= WHAT TO WORK ON =
Word for word, restate the listing; omit the pictures.

Segment Start: DATA SECTION

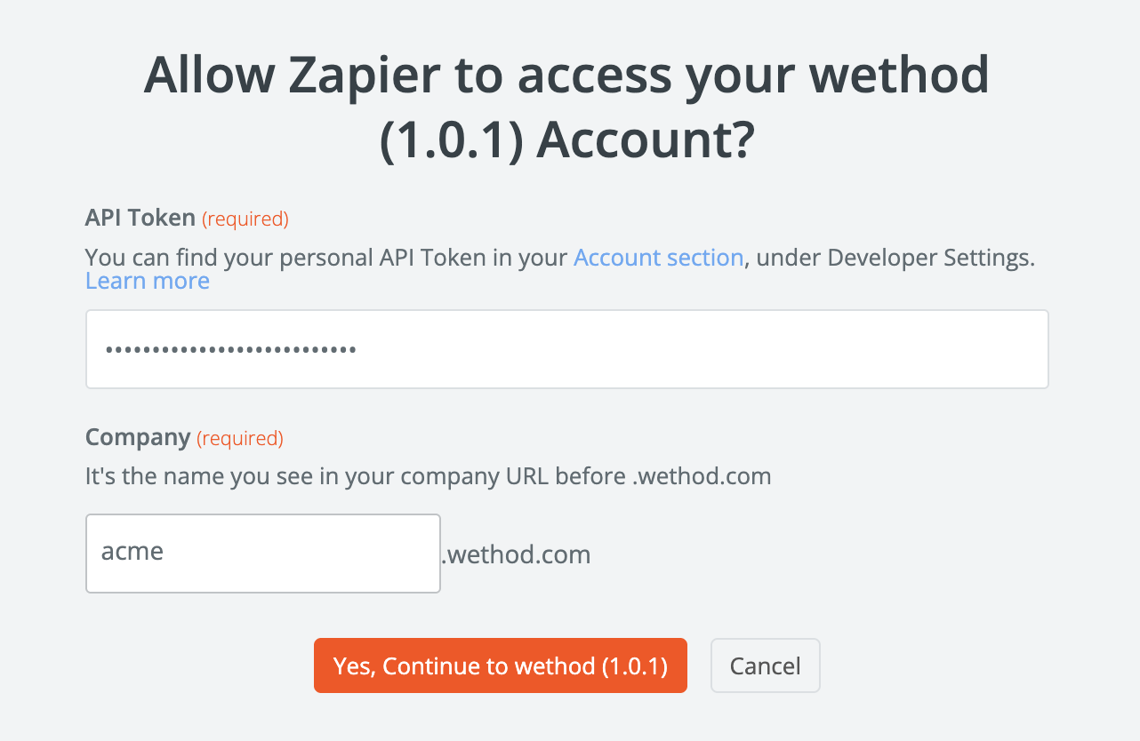 When prompted to connect your wethod account, you will need to provide two pieces of information:
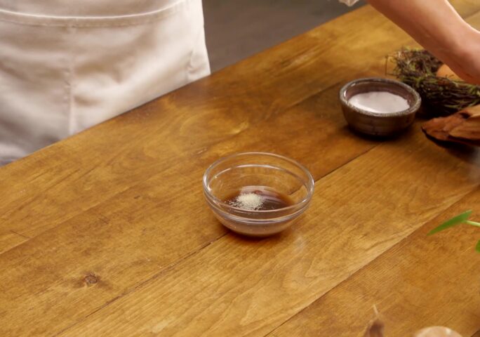 Use a medium-sized bowl to pour sugar, Shaoxing cooking wine, Zhenjiang balsamic vinegar, light soy sauce, and chicken soup into the gravy. Make sure not to add glutinous rice flour.
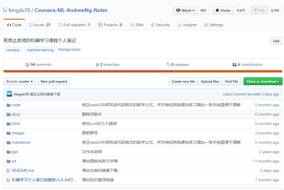吴恩达老师的机器学习课程,可以说是机器学习入门的第一课和最热门课程,我在github开源了吴恩达机器学习个人笔记,用python复现了课程作业,成为热门项目,star数达到11671+,曾经有相关报道文章。科学无国界,但科学家有国界,导致github下载速度较慢,国内用户很难下载github上的资源,于是我将陆续把我的github仓库打包成镜像文件,放到百度云提供下载,5秒即可保存。(黄海广)

Segment End: DATA SECTION

= SOLUTION TO THIS EXERCISE =
 When prompted to connect your wethod account, you will need to provide two pieces of information:
 Use a medium-sized bowl to pour sugar, Shaoxing cooking wine, Zhenjiang balsamic vinegar, light soy sauce, and chicken soup into the gravy. Make sure not to add glutinous rice flour.
吴恩达老师的机器学习课程,可以说是机器学习入门的第一课和最热门课程,我在github开源了吴恩达机器学习个人笔记,用python复现了课程作业,成为热门项目,star数达到11671+,曾经有相关报道文章。科学无国界,但科学家有国界,导致github下载速度较慢,国内用户很难下载github上的资源,于是我将陆续把我的github仓库打包成镜像文件,放到百度云提供下载,5秒即可保存。(黄海广)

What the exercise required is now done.